Modification of emission properties of ZnO layers due to plasmonic near-field coupling to Ag nanoislands

TL;DR

This study demonstrates how Ag nanoislands can enhance and modify the emission properties of ZnO layers through plasmonic near-field coupling, with effects depending on nanoisland size.

Contribution

It introduces a simple fabrication method for Ag nanoislands on ZnO and analyzes their impact on optical emissions using experimental and theoretical approaches.

Findings

Ag nanoislands cause a threefold increase in emission intensity.

Nanoisland size significantly influences plasmonic effects.

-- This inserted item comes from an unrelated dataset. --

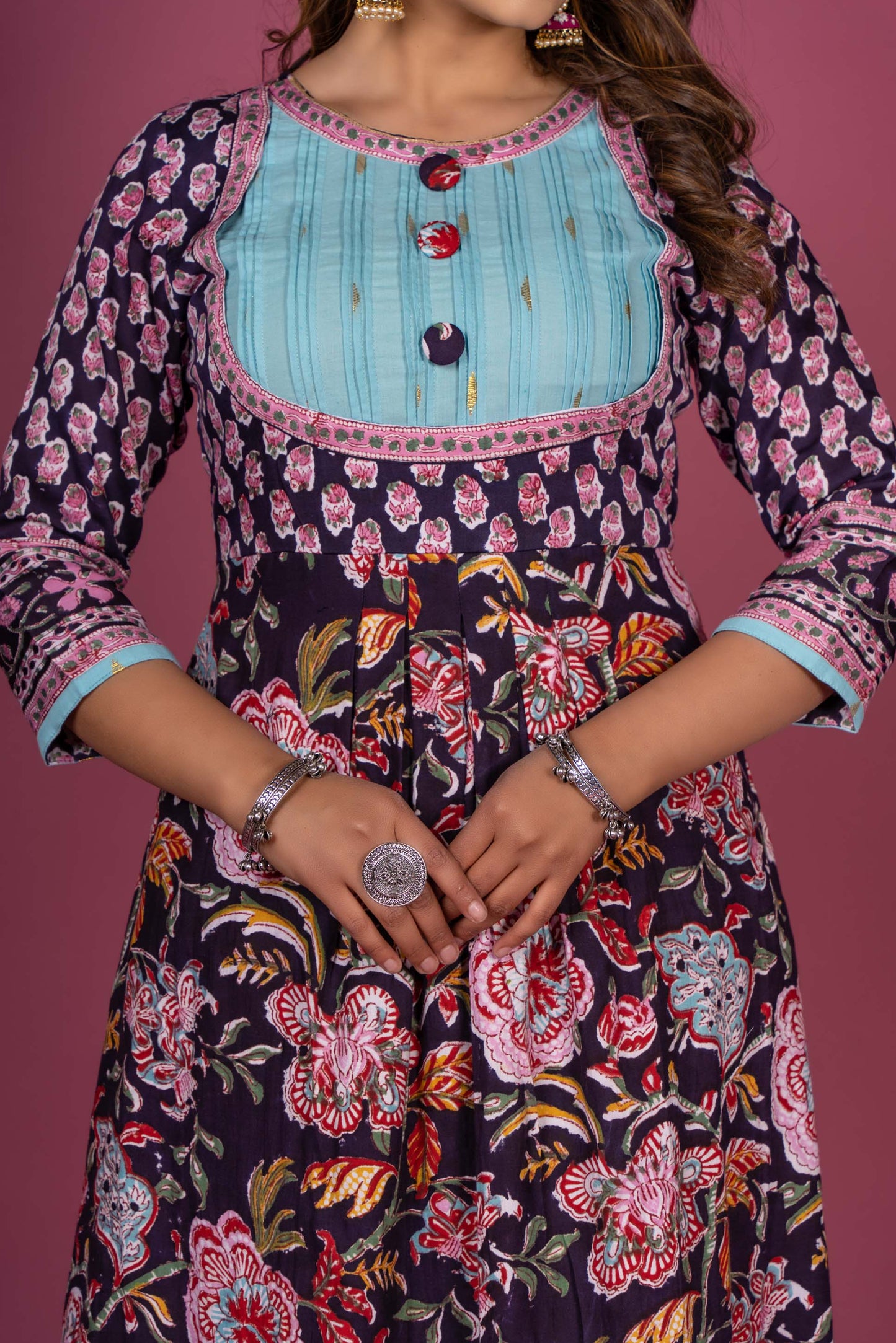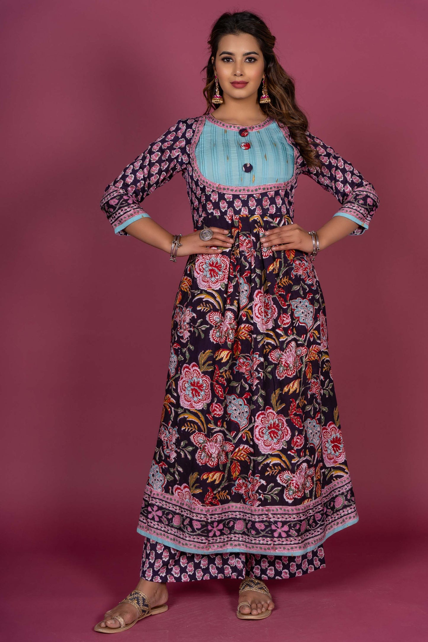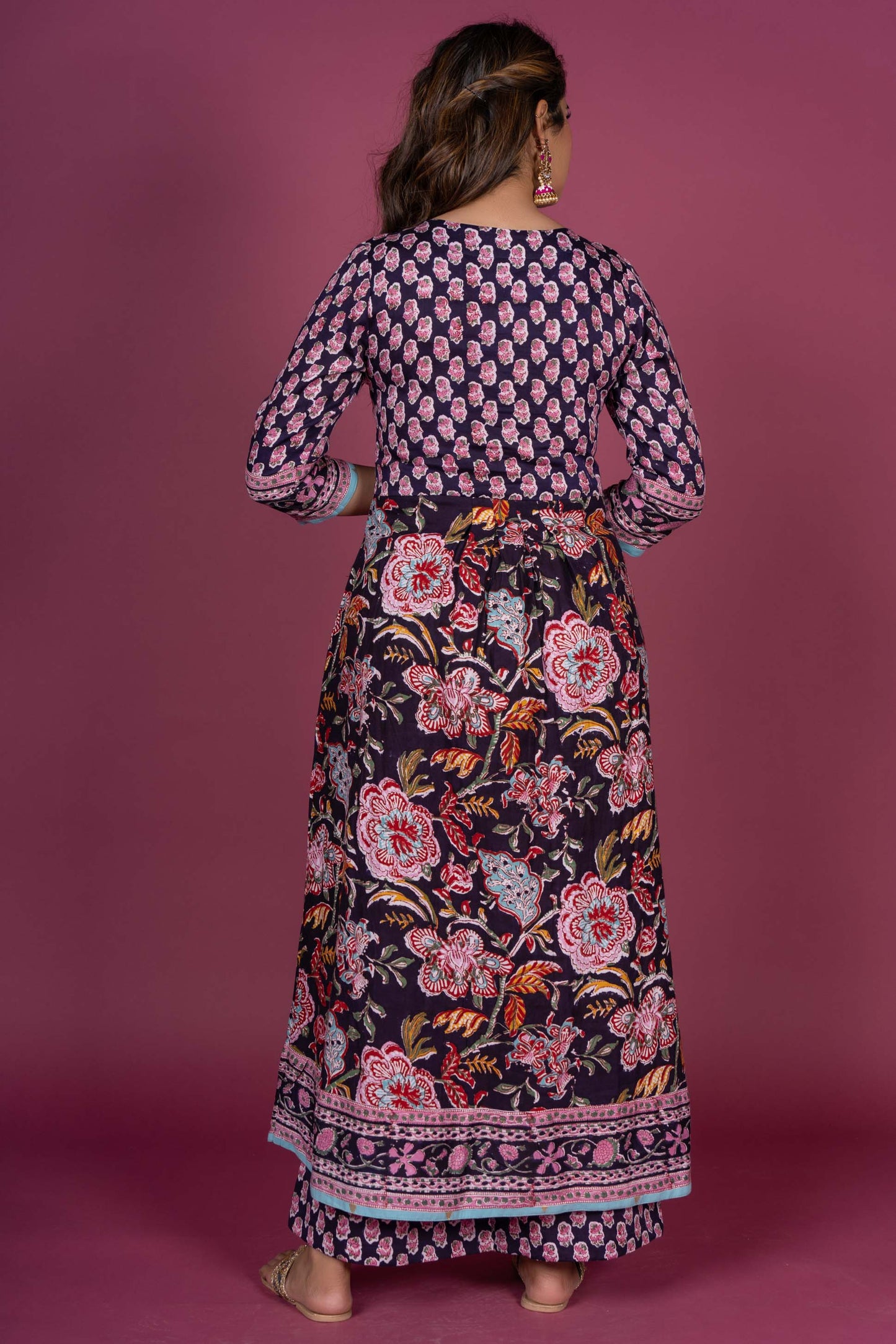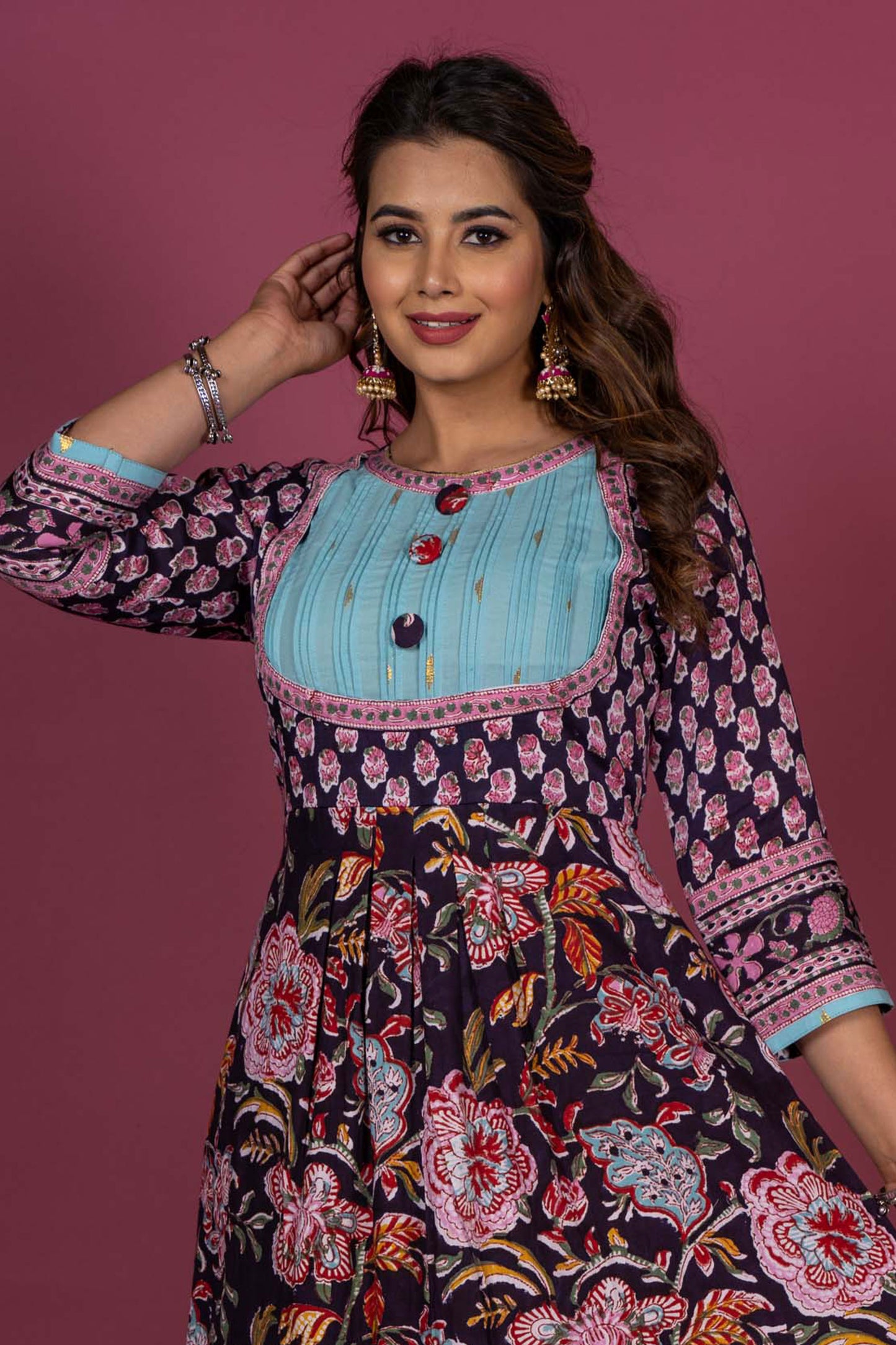 Three forth sleeves hand block printed long kurta in black base with multicolor hand block print on it.

Recombination times are reduced by up to 1.5 times.

Abstract

A simple fabrication method of Ag nanoislands on ZnO films is presented. Continuous wave and time-resolved photoluminescence and transmission are employed to investigate modifications of visible and UV emissions of ZnO brought about by coupling to localized surface plasmons residing on Ag nanoislands. The size of the nanoislands, determining their absorption and scattering efficiencies, is found to be an important factor governing plasmonic modification of optical response of ZnO films. The presence of the Ag nanoislands of appropriate dimensions causes a strong (threefold) increase in emission intensity and up to 1.5 times faster recombination. The experimental results are successfully described by model calculations within the Mie theory.